Friday, September 25, 2009

Take a Good Look Around

Have you stopped for a minute today and taken a good look around? Whether you’re sitting in the front seat at the stop light of an intersection or as you’re peering out the side cab window coming back from an alarm or while running errands in your POV; have you taken a good look around? As the Springsteen song goes; “this is your town”.
There’s a lot that can be gleaned from your surroundings on any given day. We sometimes take for granted the subtle changes that are happening all around us as we take care of business on our rounds, runs and calls. We tend to focus in on the immediacy of the events that are happening in front of us that demand our attention but fail to take a look around to pick up on information, data and insights that can help us on that next run or down the road in the future.

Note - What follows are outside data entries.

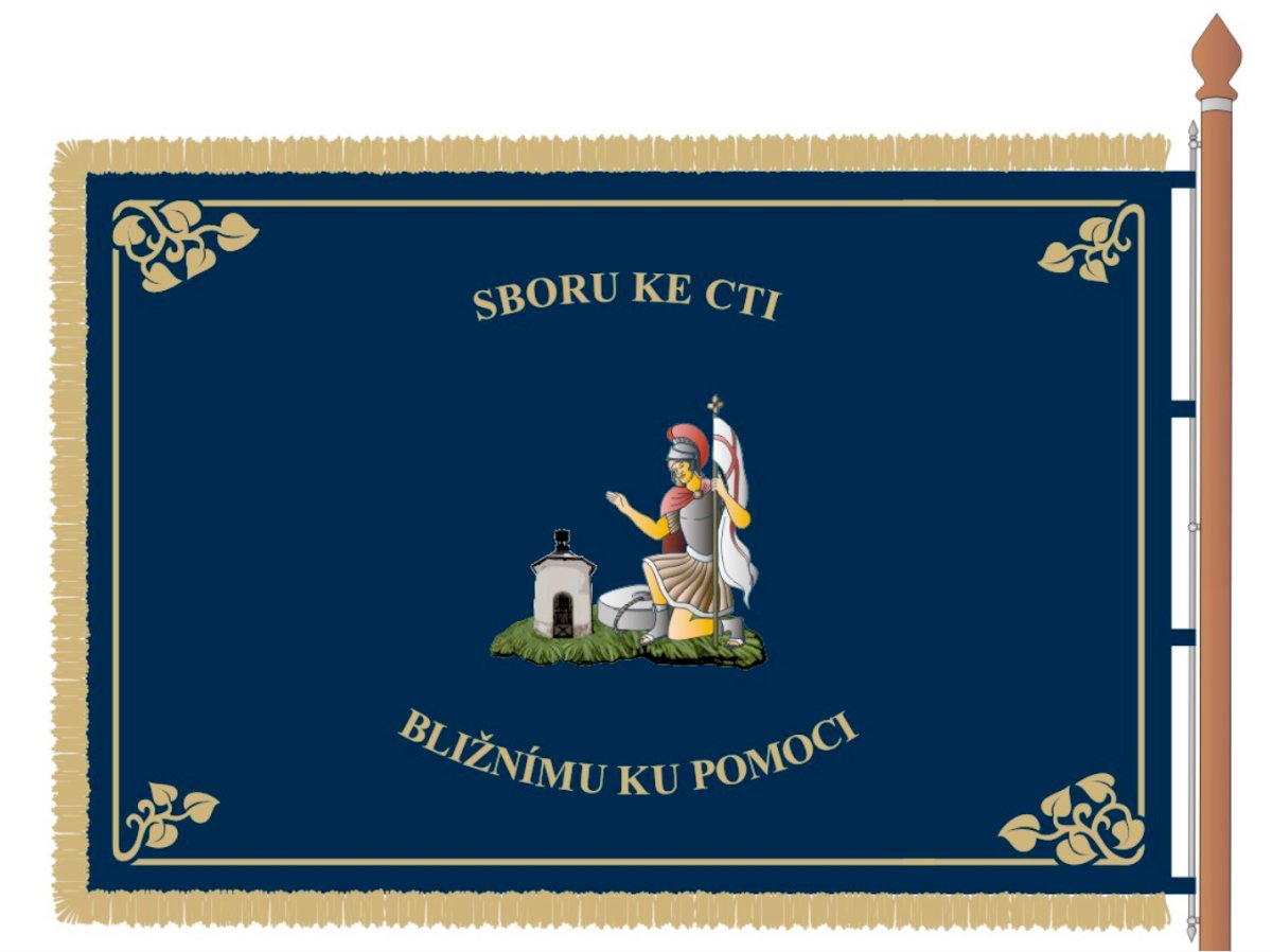 Předkládáme k připomínkování grafické návrhy řešení slavnostního hasičského praporu z hlediska navržených motivů (odstíny barev zejména modrý podklad jsou orientační, modrá bude ve skutečnosti sytější).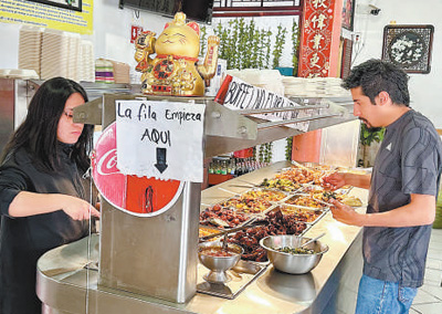 在墨西哥城一家中餐自助餐厅内,当地食客挑选菜品。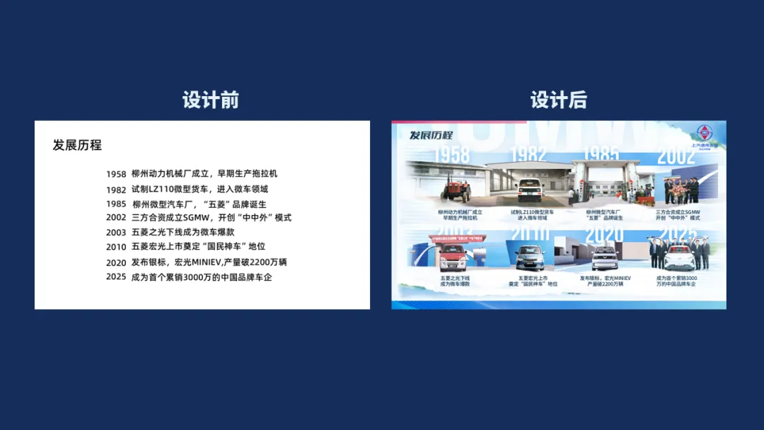 根据封面文字构思,面对较少文字的封面就可进行场景化。第一步:把原稿字体改为与LOGO字体相接近的字体,对比突出。第二步:根据主题进行构思,营造出一个绿色生态的场景并植入品牌产品,给人一种开上五菱迎接美好生活的既视感。第三步:可尝试在画面左下角的绿植地面加入一个五菱的造车工厂来呼应主题中的“造”,在画面感官上有一种从绿色源头工厂制车并落地在高架桥上行驶的视觉感。第四步:既然有了工厂和产品,那么还可以在高架公路的后面加入一个五菱汽车的员工,让三者形成一个闭环,工厂制车-五菱人-产品,通过人物手中五菱汽车,准备放在公路上的奔跑,寓意着品牌精益求精,通过造车让人民过上美好生活。第五步:画面整体比较饱和了,但是如果细看画面内容,其实工厂,人物,汽车三者之间没有一个很好的关联,那么根据LOGO形态,我用到线条的形式让三者之间进行连接,再在人物的手和公路的位置上做了一个开口,就能有效的进行关联。第六步:最后可因画面色系太多太满,可以加入渐变形状和品牌英文,线条纹理来进行简单修饰即可,创意感故事感拉满。图文简介页排版也属于常规页面之一,一般页面中有单张或多张图片配合单段或多段文字叙述。第一步:原稿内容已经非常简洁了,那么根据文字的信息,了解到是关于上海五菱企业的介绍,那么可以抓住2个重点信息,前身和五菱总部,加入这个2个部分的建筑图示就能非常直观的展现出企业的历史到至今的样貌,同时将年份数字放大,让观众阅读一目了然。第二步:把前身机械厂的产品拖拉机和目前五菱的三大核心品牌产品的主打车型巧妙的放在建筑顶面上,内容清晰,画面创意,同时可在建筑体之间加入一个云层,既能提升空间层次感也能弱化建筑之间颜色杂乱的问题。第三步:在原稿之上继续加入关于五菱的文字介绍,同时在版权结构板块上加上线条和形状,再把关键数据换字换色来对比突出。第四步:最后在画面中融入英文和延续封面页的背景图即可,高级感瞬间出来了。时间历程页面,由于传递的内容比较多,所以排版方式尽量选择简洁为主,能让人一目了然。第二步:让图片展示更有创意,可提取出图片中的主体元素,通过紧密的摆放,视觉上更像是让整体连接在一起的图示。第三步:在两行历程图示之下加入一个地面元素,整体图示展示更加和谐了。第四步:最后利用色块、云层元素以及英文等修饰,整个画面质感拉满又清晰明了。产品页排版也属于常规页面之一,一般页面中有单张或多张图片配合单段或多段文字叙述。第一步:为三个产品加入组合形状,更换原稿字体及配色。第二步:在原稿之上继续添加关于车型的亮点介绍,更加丰富饱满。第三步:最后可在各车型中加入汽车内饰图来修饰,图文并茂,搞定。源文件已放入星球啦: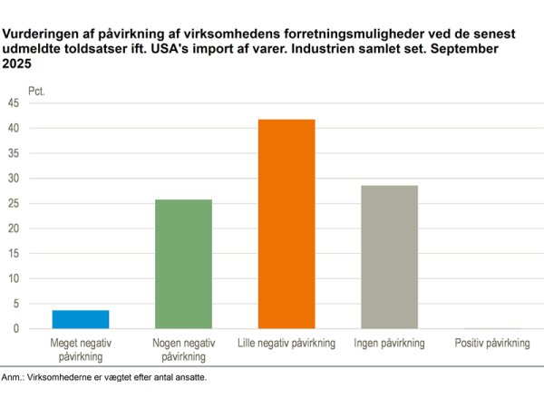 Danmarks Statistiks udsendte konjunkturbarometer for erhvervene september har opgjort, at 71,4 procent af de danske industrivirksomheder vurderer, at de i en eller anden grad er påvirket af de senest udmeldte toldsatser på import af varer i USA.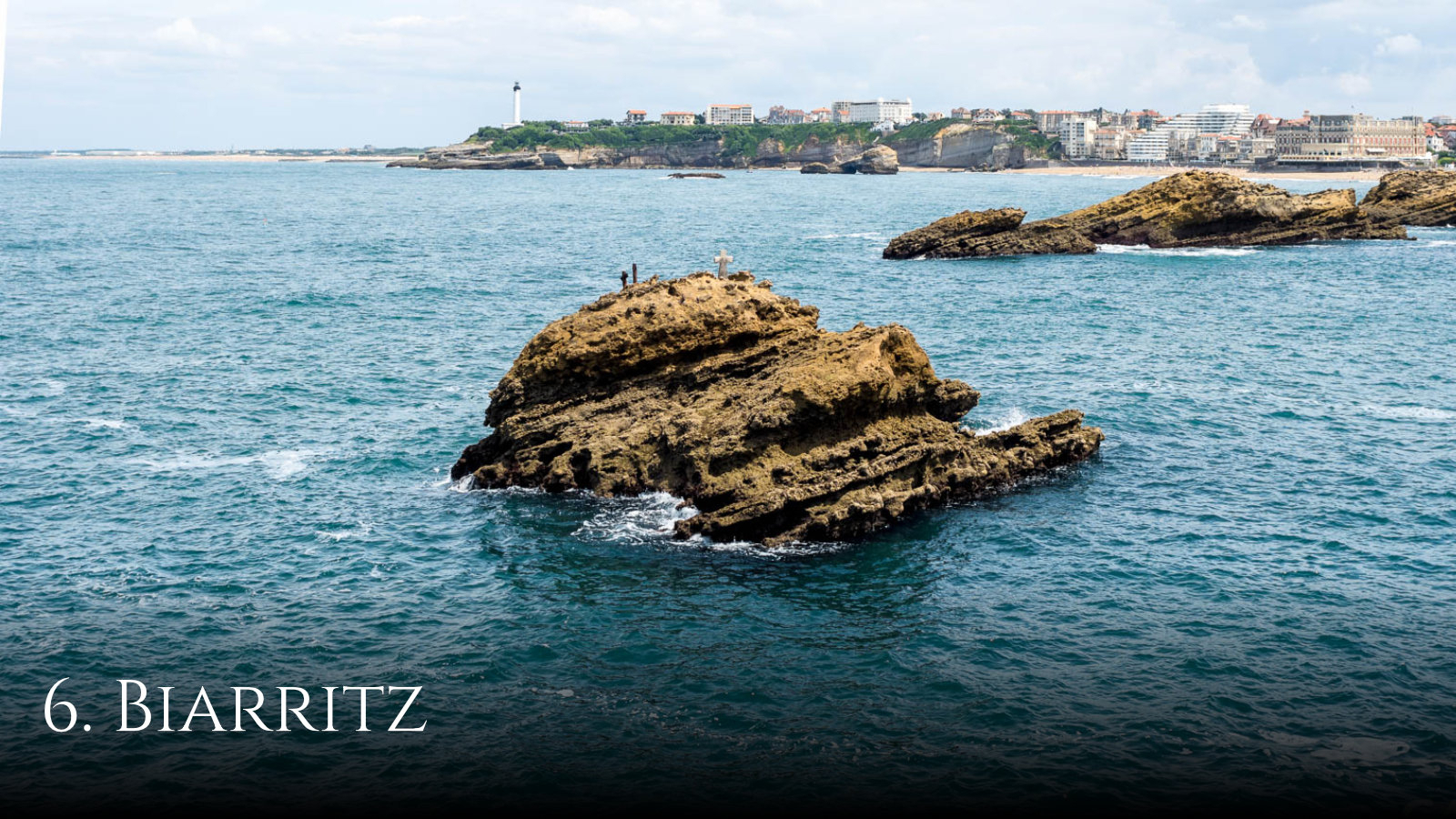 Formações rochosas como o Rocher de la Vierge, ligado à costa por uma ponte metálica associada à engenharia de Gustave Eiffel, proporcionam vistas espetaculares sobre o Golfo da Biscaia. A arquitetura Belle Époque da cidade, com cassinos e hotéis históricos, contrasta de forma marcante com a energia descontraída da cultura do surf.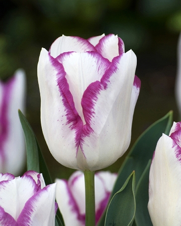 Тюльпан Эффэер относится к группе Триумф. Высота растения до 45 см. Цветок бокаловидный, крупный. Окраска цветка6 белая с сиреневым краем. Высота бокала цветка до 7-9 см. Посадка - август, сентябрь, октябрь. Глубина посадки зависит от размера луковицы и составляет в среднем 8-12 см. Минимальное расстояние между луковицами должно вдвое превышать их диаметр. Период цветения - апрель - май. Почва - нейтральная или известково - кислая. Тюльпаны Триумф универсальны, их используют для срезки, для выгонки, для украшения парков и садов. Недостаток тюльпанов группы Триумф: слабая сопротивляемость многих сортов вирусу пестролепестности.Характеристики
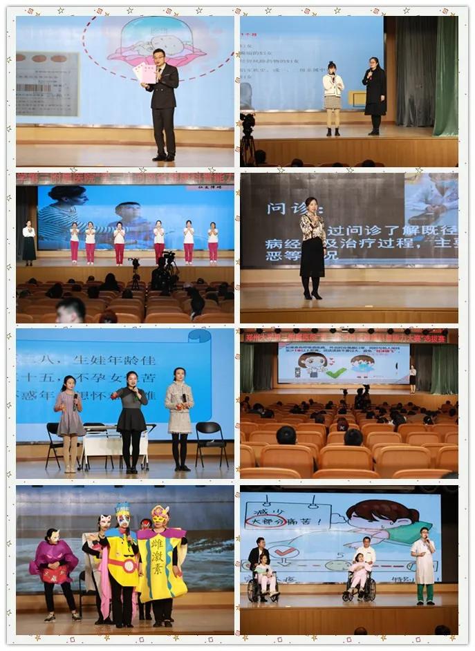 比赛中,来自全院各临床科室的 23 组参赛选手结合各自科室特色专业,自选主题和角度,重点围绕妇幼保健医学知识,用情景剧、演讲、相声、小品、歌伴舞等多种艺术形式展现妇幼保健人的医者风采,为观众们带来了一场科普宣教的饕餮盛宴。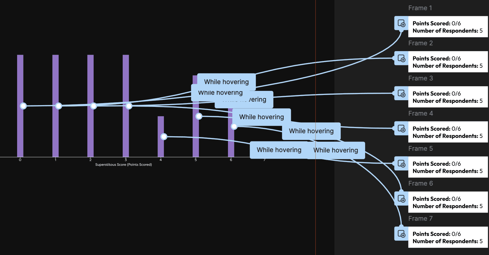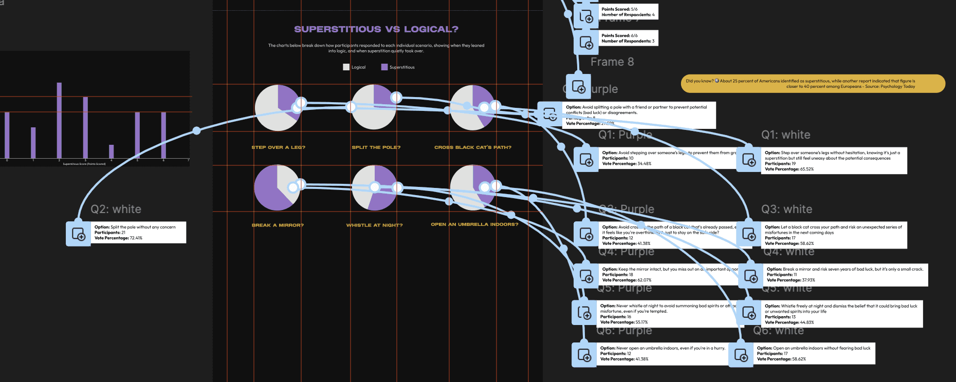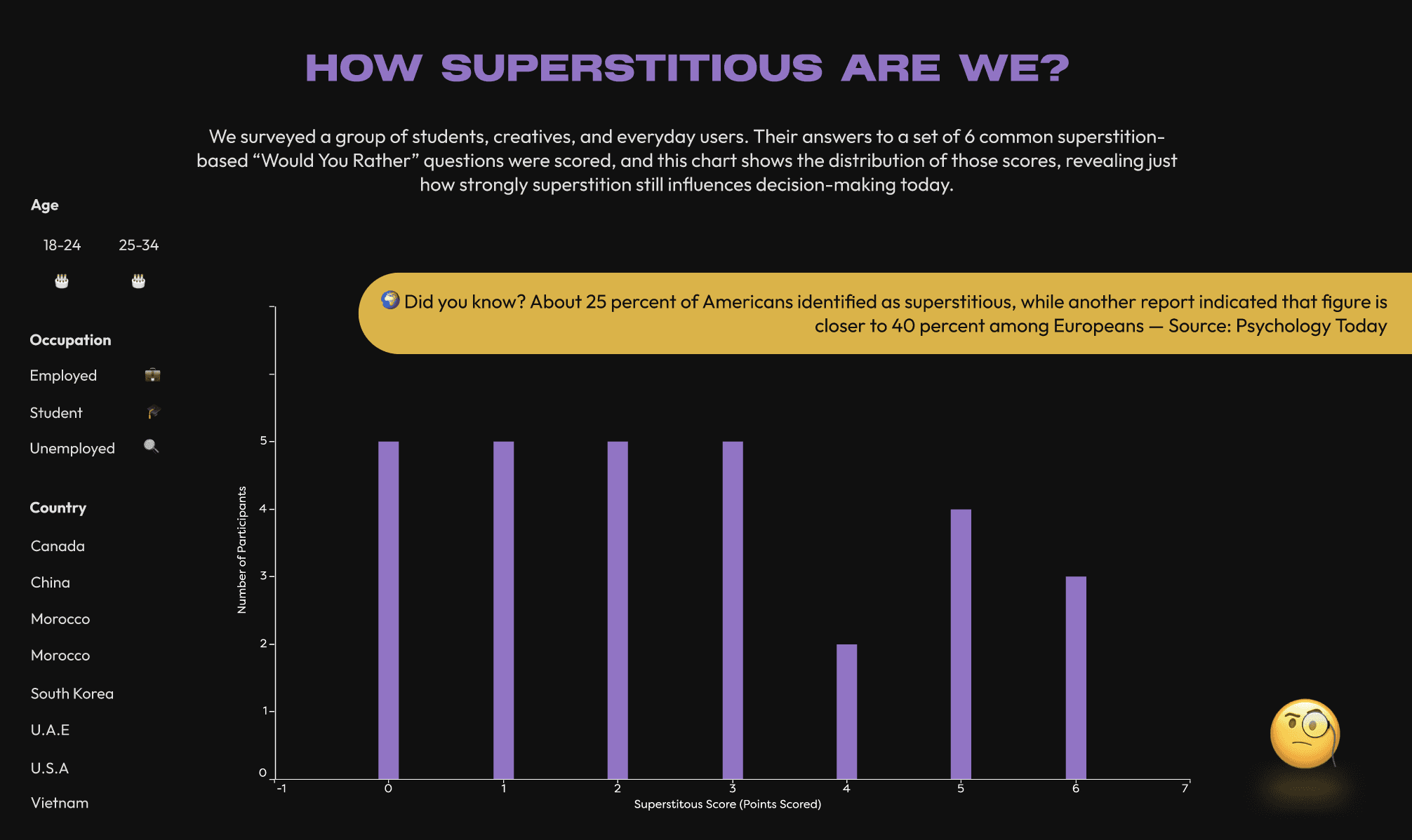 I started with the score distribution chart to give users an immediate overview of participant superstition levels, setting the tone for the experience. A bar chart was chosen as the clearest way to show score distribution across different demographic and surface patterns at a glance.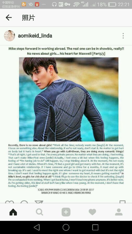 ins上一位泰粉发的,大致我理解为现在没有女朋友,因为有很多工作,然后是还没有准备好,如果找到一个有想照顾她一辈子想法的女孩,到那时就决定结婚了

Take a look at the construction that might be going up in your areas. I’m certain you’re paying close attention to what’s happening in your first-due, but what about that third-due area, that neighboring jurisdiction or the mutual-aid area that you occasionally run in to? When you’re on that next EMS run or an investigation of an odor or alarm bells service call, take a few extra minutes to walk through the occupancy. Conduct your own mini company level pre-plan. Look at the layout, features, access and construction features. If you have a chance, verify the structural support systems employed by the building for the floor and roof systems. If you have time, take the company on a quick site visit to that building that’s under construction or the renovations that are again underway in that commercial or business occupancy around the corner from quarters.

These continuing challenging economic times places a great deal of influence on what’s being built, how it might be constructed, the manner in which a building may be operational one day, vacant the other and under renovation the next. Sometimes these transformations occur literally overnight. Take a good look around, this is your town…your district, your response area. Know your buildings, understand their performance profiles, and assess the predictability of performance. Remember; Building Knowledge = Firefighter Safety.